The first comment given here shows an incredible lack of understanding of Steinbeck in his California period. Our Irish friend's acrid comments show he obviously doesn't like Steinbeck and that's his privilege. Now, having said that, I must say he's wrong. This film is excellent. Just that. The cast is wonderful and the story is a classic: the destruction of innocence by cruel reality (viz: the title of the story taken from a line from a Robert Burns's poem). And, while Steinbeck was not one to let a sentimental moment pass by, e.g, Lennie's Christ-like innocence, inappropriate super-human strength which inadvertently wreaks havoc resulting in his euthanasia with the same instrument as used for Curley's dog, these scenes are never maudlin. Too, for the serious Steinbeck fan, there's more, much more.

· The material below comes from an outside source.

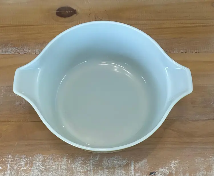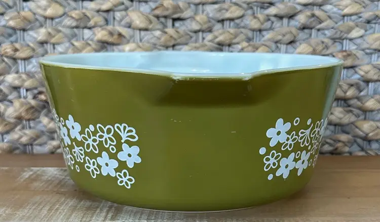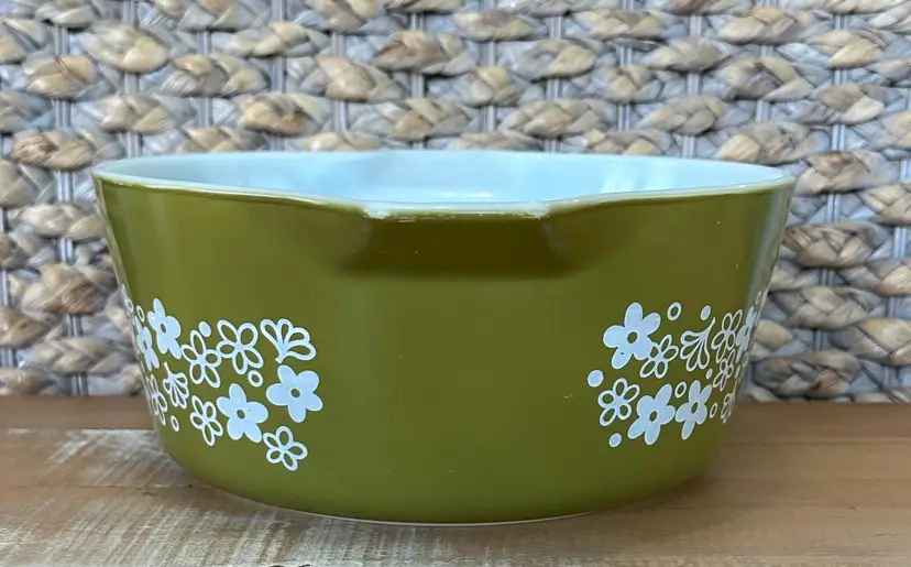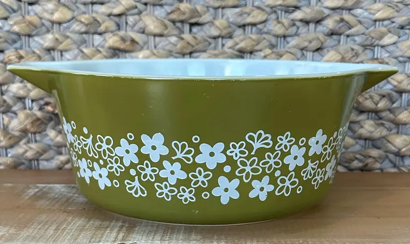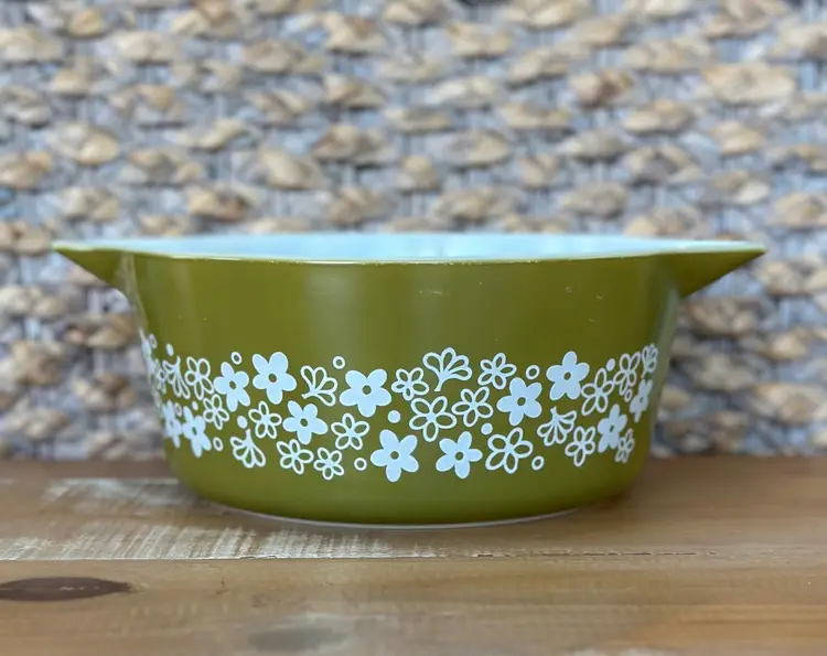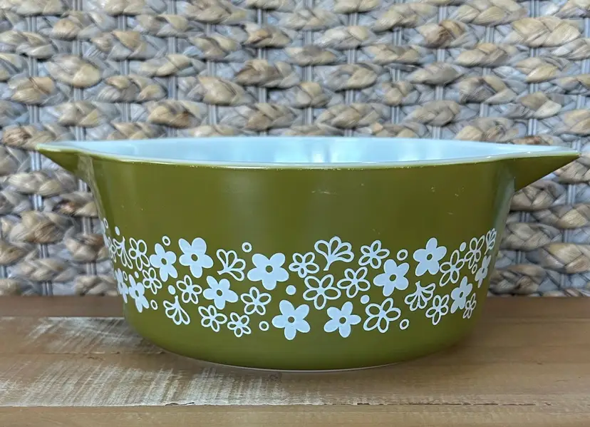 Add a touch of retro charm to your kitchen with this vintage Pyrex casserole dish. Featuring a lovely green color with a white daisy pattern, it's perfect for baking or serving. A must-have for any Pyrex collector. Please note that this does not have a lid. W: 10.75" D: 8.75" H: 3.75"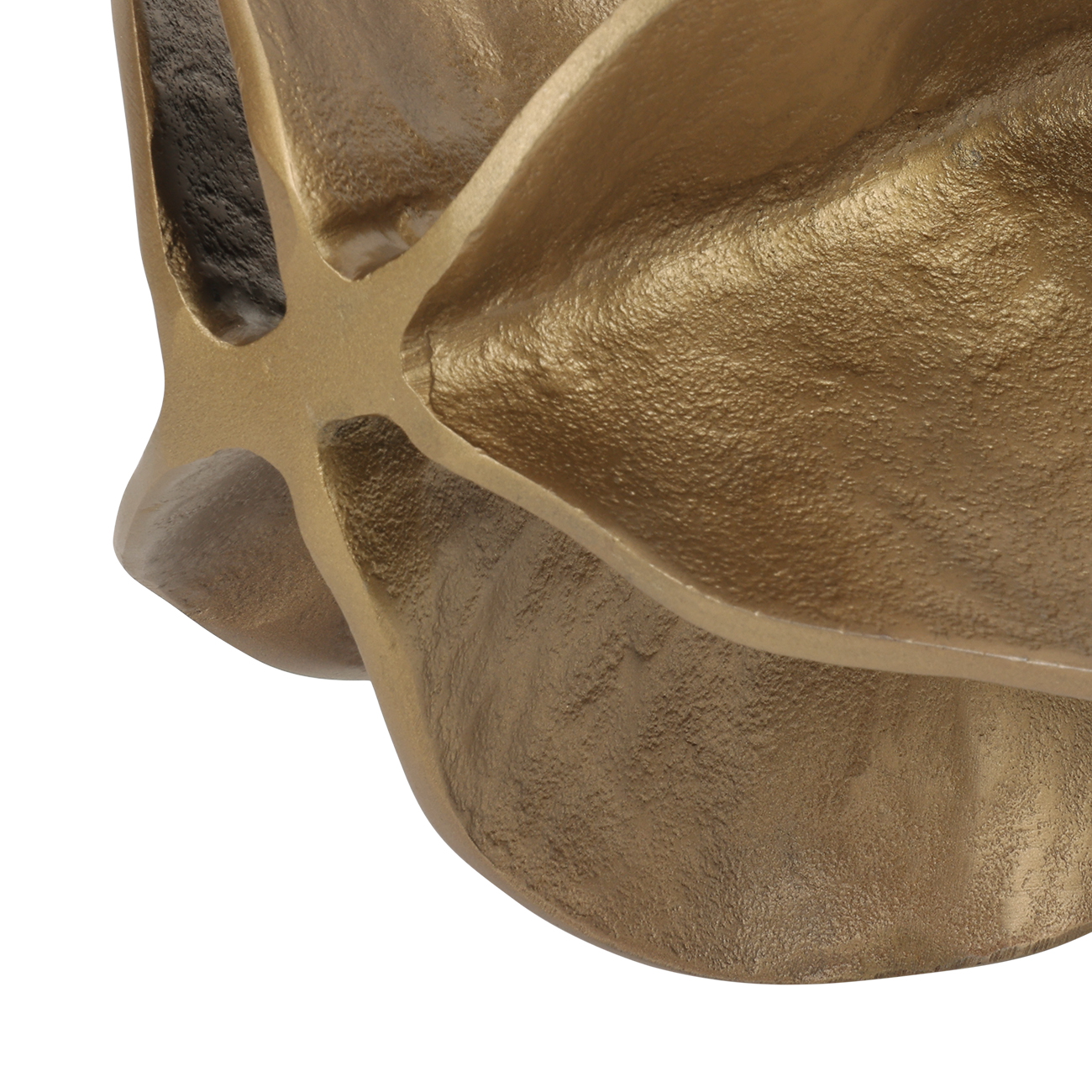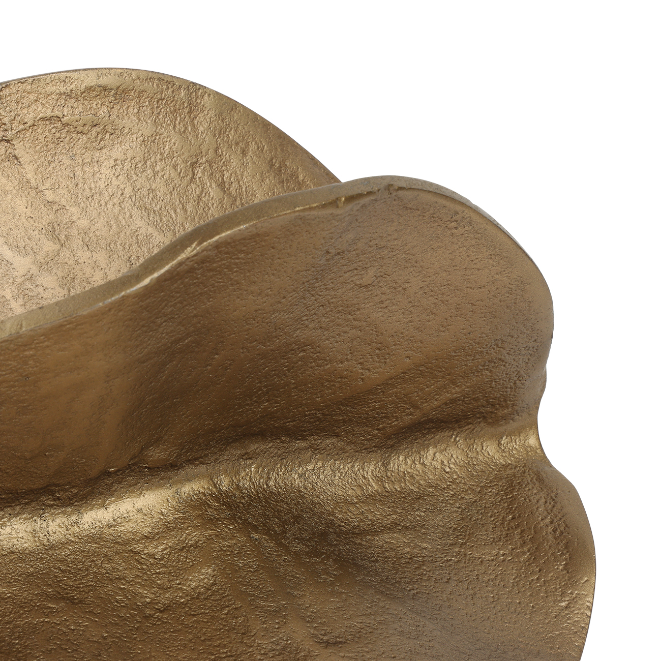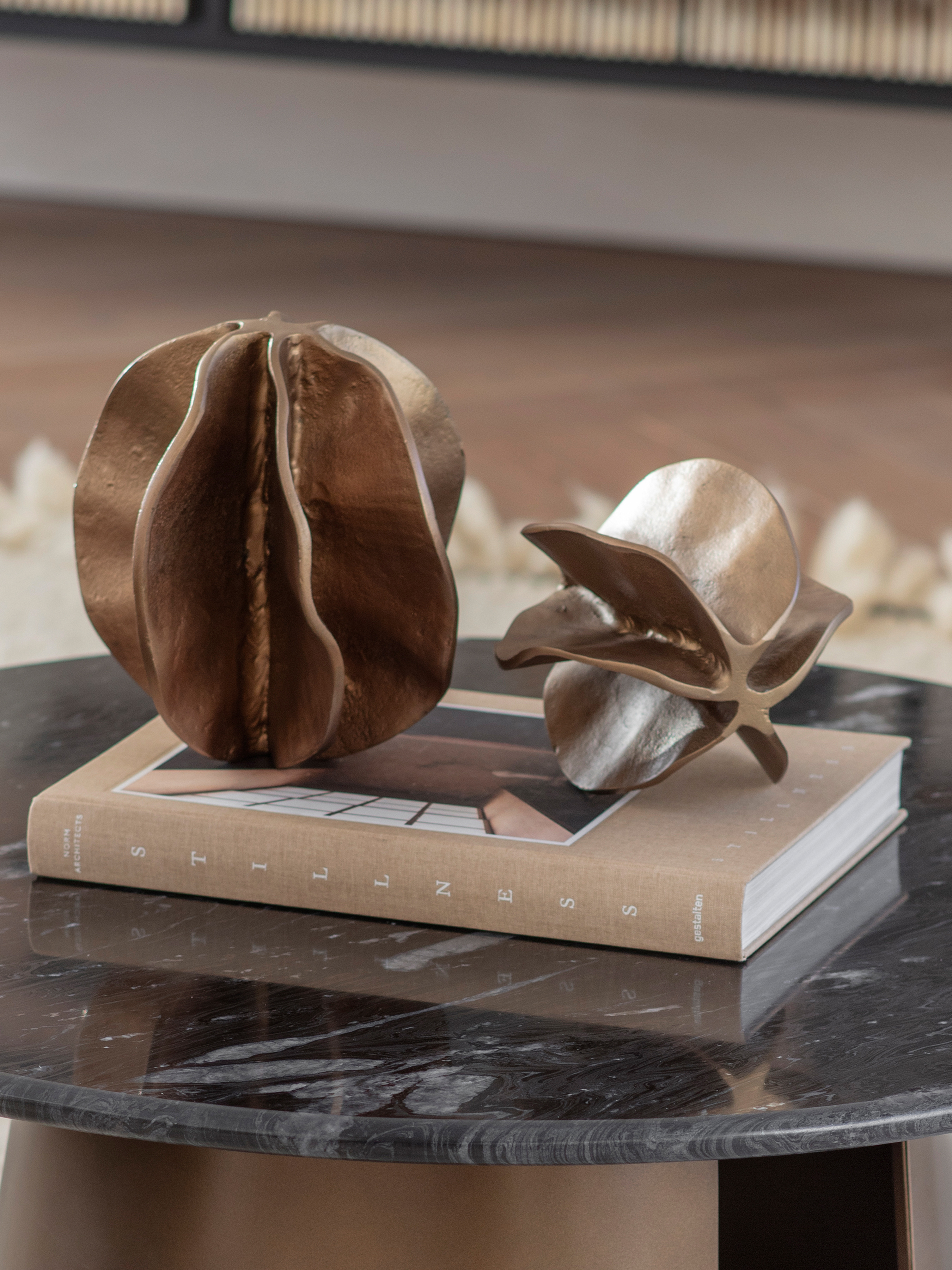 With its layered curves and hand-textured finish, the Ellie sculpture brings organic form and sculptural presence to interior styling. Cast from solid aluminium and finished in a warm brass antique tone, its shape echoes the folds of petals or leaves, offering depth and movement from every angle. Whether styled solo or resting atop stacked books or a console, Ellie makes a refined statement. Pair with the smaller version for a balanced and tactile display. W21 x D21 x H20 cm.

This story, and the play, created at Steinbeck's most experimental period, is fraught with symbolism. There's the "big" guy, a victim of the "little" guy's vanity. Many are not aware that Steinbeck was small (5'3") and very self-conscious about his size. The cast is outstanding: Betty Field's careless and bored character, Mae contrasts with the mighty innocence of Chaney's Lennie. There are the solid characters of Bickford's Slim, Meredith's George and Bohnen's Candy; Steele was at his best as the vain, pugnacious Curley; Veteran character actor, Noah Berry Jr. as Whit adds another element of sympathy. This is one of our American classic films. We invented and developed this genre of art and this film must stand as one of its finest examples.